Some questions arise: Wouldn’t these moves make these tribunals weaker? Shouldn’t there be a clear separation of powers when it comes to the executive making quasi-judicial appointments? Isn’t there a conflict of interest with the government itself being party of dispute in many of these tribunals? Or, is that what the government wants so that it could have an indirect say in how disputes are resolved? There’s also the oft repeated question: why should these amendments, too, be put in the guise of a ‘Money Bill’?
“There will be uniformity in service conditions and pay structure of all those retired judges who are being appointed in all these tribunals.
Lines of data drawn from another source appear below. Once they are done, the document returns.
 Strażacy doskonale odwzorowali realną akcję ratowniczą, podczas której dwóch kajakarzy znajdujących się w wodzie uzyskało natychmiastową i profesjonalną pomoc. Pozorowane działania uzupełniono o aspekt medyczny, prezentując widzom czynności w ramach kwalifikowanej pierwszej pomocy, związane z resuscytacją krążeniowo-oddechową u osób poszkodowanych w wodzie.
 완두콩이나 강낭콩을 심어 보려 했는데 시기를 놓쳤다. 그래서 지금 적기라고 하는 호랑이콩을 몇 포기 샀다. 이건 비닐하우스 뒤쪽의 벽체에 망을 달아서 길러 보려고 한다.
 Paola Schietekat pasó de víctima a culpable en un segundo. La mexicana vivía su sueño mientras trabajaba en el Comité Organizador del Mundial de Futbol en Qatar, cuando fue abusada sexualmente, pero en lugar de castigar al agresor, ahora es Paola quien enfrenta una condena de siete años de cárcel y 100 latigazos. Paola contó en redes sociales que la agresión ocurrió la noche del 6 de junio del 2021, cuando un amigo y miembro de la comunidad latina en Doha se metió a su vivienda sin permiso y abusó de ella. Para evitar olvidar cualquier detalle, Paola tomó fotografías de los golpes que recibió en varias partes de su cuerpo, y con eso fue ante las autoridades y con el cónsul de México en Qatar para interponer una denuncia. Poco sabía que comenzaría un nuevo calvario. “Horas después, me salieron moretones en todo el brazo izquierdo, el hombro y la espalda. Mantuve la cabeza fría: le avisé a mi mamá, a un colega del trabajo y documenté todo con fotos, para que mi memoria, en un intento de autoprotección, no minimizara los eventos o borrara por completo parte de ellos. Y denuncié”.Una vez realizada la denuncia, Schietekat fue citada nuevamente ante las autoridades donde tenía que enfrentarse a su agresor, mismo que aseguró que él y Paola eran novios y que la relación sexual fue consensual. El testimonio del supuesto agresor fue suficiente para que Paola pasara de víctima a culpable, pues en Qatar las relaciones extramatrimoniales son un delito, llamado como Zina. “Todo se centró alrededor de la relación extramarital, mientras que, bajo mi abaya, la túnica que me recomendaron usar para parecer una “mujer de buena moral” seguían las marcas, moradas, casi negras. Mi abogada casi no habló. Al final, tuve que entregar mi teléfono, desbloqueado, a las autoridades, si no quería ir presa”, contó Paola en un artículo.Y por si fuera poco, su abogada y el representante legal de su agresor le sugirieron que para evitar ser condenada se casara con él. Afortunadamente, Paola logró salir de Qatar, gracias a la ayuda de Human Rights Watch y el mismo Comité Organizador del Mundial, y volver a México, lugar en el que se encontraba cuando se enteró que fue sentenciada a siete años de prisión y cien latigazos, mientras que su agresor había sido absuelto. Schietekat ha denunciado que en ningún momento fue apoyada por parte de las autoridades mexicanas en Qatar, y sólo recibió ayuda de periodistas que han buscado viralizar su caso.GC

Where there is less work and there are two-three tribunals, that will now be done by one,” Finance Minister Arun Jaitley reportedly said in Parliament, moving the amendments as part of the Finance Bill 2017.
The FM may be right in bringing in uniformity in service conditions and pay structure of all those retired judges who are being appointed in all these tribunals. However, there’s more. As things stand now, the various terms of appointment and removal of members of the tribunals are clearly mentioned in the respective laws.
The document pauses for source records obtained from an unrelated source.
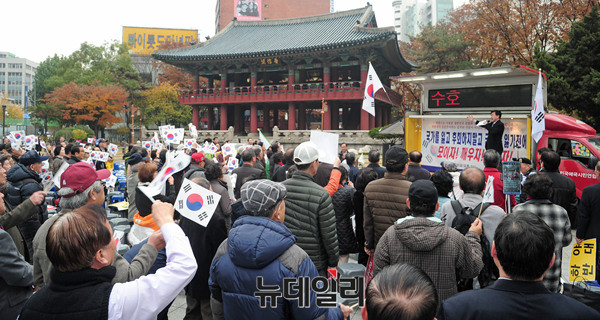 애국여성연합은 18일 오후 서울 보신각에서 박근혜 대통령 하야 반대집회를 열고 "대통령의 잘잘못 여부는 길거리 민심이 아니라 법의 심판에 맡겨야 한다"고 주장했다.
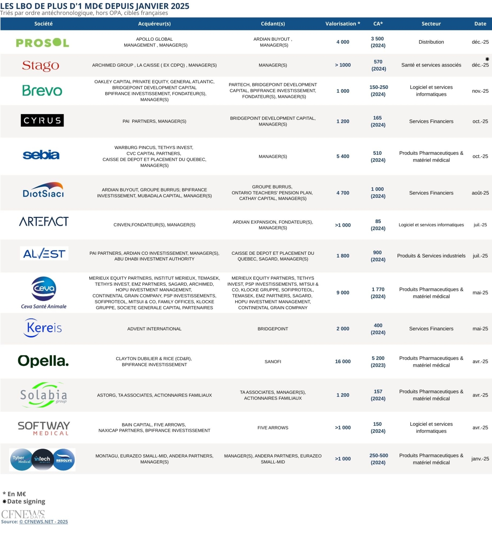 LES LBO DE PLUS D'1 MD€ DEPUIS JANVIER 2025 ©CFNEWS.net - 2025
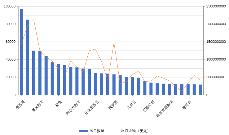- 2025中国商用车出口各国家地区数量/出口金额
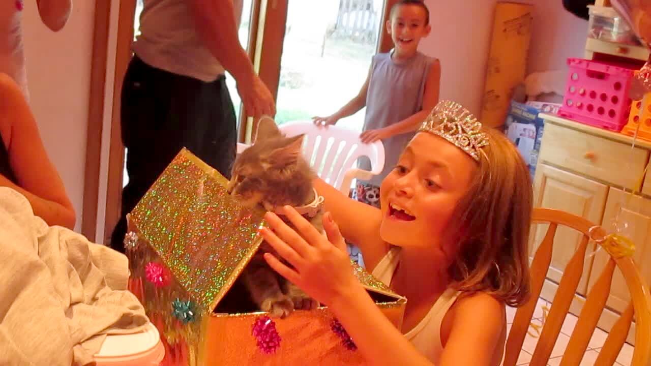 A young girl is scared when a kitten pops out of one of her birthday presents, but is quickly excited when she sees what it is indoors.
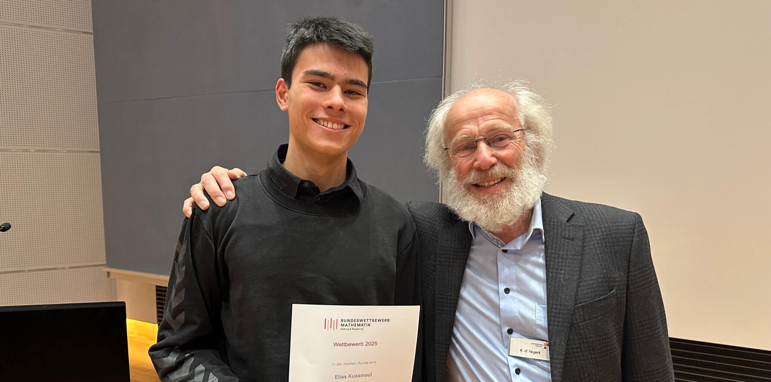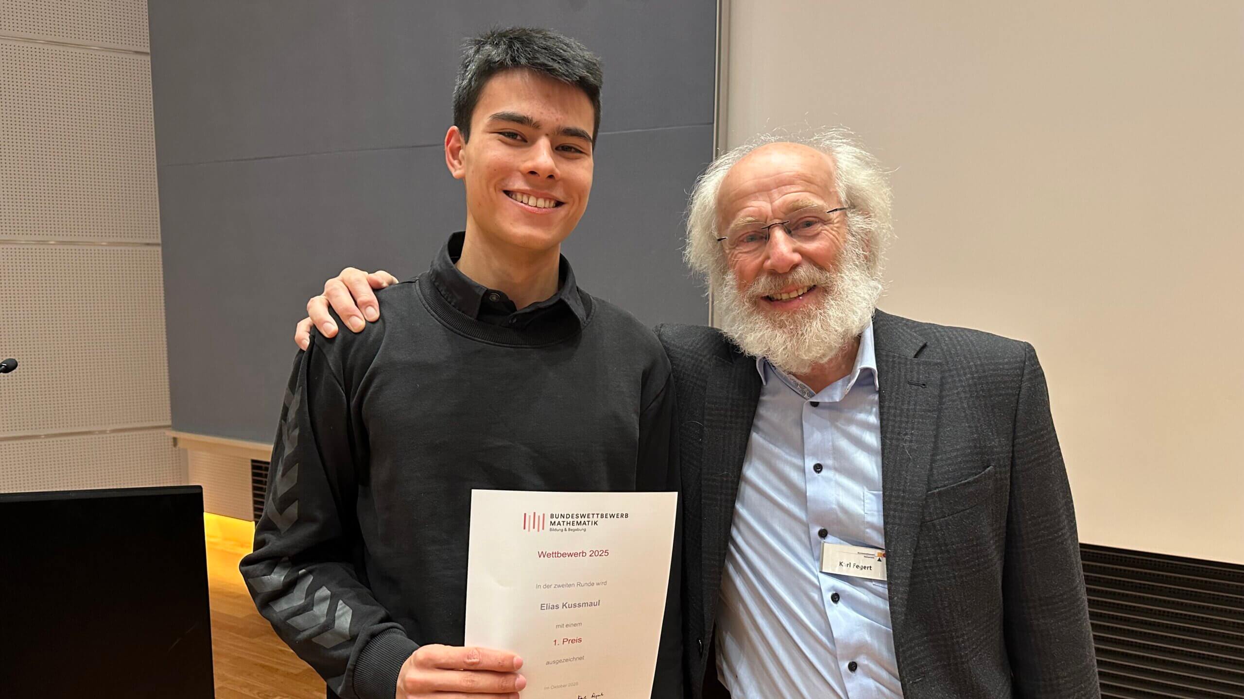 Elias Kußmaul mit dem Vorsitzenden der Korrekturkomission bei der Preisverleihung
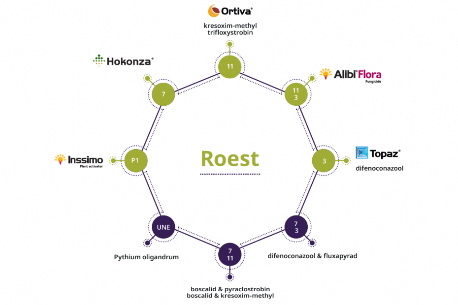 Zo zie je bijvoorbeeld dat een sterk roestproduct als Alibi Flora in de chemische groep 11 en 3 valt. Het is dan niet aan te raden om na een à twee bespuitingen met Alibi Flora vervolgens met Topaz te gaan spuiten, aangezien ze beide in dezelfde chemische groep 3 vallen. Er is dan niet echt sprake van afwisselen. Je kunt dan beter afwisselen met het nieuwe middel Hokonza dat Syngenta recentelijk op de markt heeft gebracht. Hokonza bevat de werkzame stof Solatenol die behoort tot de chemische groep 7 en is dus een goed alternatief om mee af te wisselen. Topaz zou je daarna kunnen inzetten.

Through the new amendment though, it is being delegated to rules that have to be notified by the Centre—that is, not through Parliament. That is, the Centre will have a greater say in the appointment and dismissal of tribunal members, which may question the neutrality of those appointed. In fact, the Centre can now add more tribunals also without prior parliamentary approval.
“It has to be seen whether this amendment will pass the test for the separation of powers between the executive and the judiciary as set out by the Supreme Court in its various judgments,” says MR Madhavan, co-founder and President of PRS Legislative Research, a research body.
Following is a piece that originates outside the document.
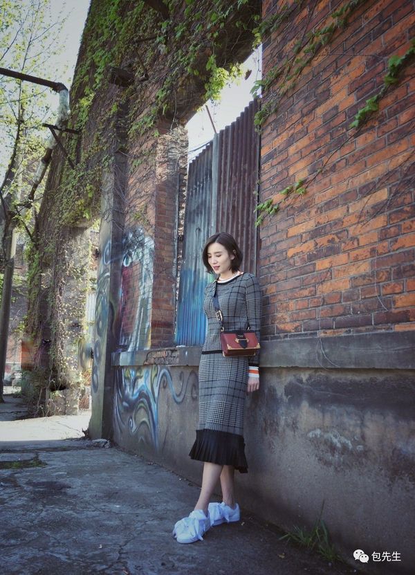 小宋佳這身格紋裙裝搭配酒紅色的Cahier,好復古呀!

Madhavan points out that the Supreme Court in the Madras Bar Association versus the Union of India in 2014 had held that Appellate Tribunals have similar powers and functions as High Courts and hence matters related to appointment and tenure must be free from executive involvement. Also, he points out that most of the tribunals that are being amended include several in which the Centre would usually be one of the parties to the dispute such as those related to income tax, customs, railways and so on.
While it may be a good idea to subsume various tribunals, the point is whether the various tribunals have the same synergies—and whether the merger will increase efficiencies or just make systems inefficient. Let's consider some of the mergers that appear to be odd.
The amendment suggests the merger of the Airport Economic Regulatory Authority Appellate Tribunal (Aeraat) and the Cyber Appellate Tribunal with the Telecom Dispute Settlements and Appellate Tribunal (TDSAT).
The Cyber Appellate Tribunal—that was formed under The Information Technology Act, 2000—into grievances due to an order of an adjudicating officer under this Act. The TDSAT was formed under the 1997 law that also created the Telecom Regulatory Authority of India to regulate the telecom sector. TDSAT’s main functions are to adjudicate disputes between a licensor and a licensee; between two or more service providers; between a service provider and a group of consumers and so on.
Still, these two tribunals may share some common grounds.
However, the Airport Economic Regulatory Authority was formed to regulate tariff and other charges for the aeronautical services rendered at airports and to monitor performance standards of airports. And, Aeraat adjudicates disputes and dispose of appeals in these matters.
Now, aren’t the areas of expertise in these areas different? Is it fair to expect the members of the tribunal to have equal expertise in all these differing fields? Would this move create efficiencies in the structure of the merged entity, or just the reverse? All these are serious issues.
Such questions also arise on the move to merge the Competition Appellate Tribunal that deals with anti-competition matters with the National Company Law Appellate Tribunal that mainly looks into governance of companies.
Finally, should all these changes be brought in as a money bill? “The tribunals have nothing to do with Money Bills,” says Madhavan. He says the Supreme Court should come out with principles that bring clarity and guidelines on what should be classified as a Money Bill and what shouldn’t.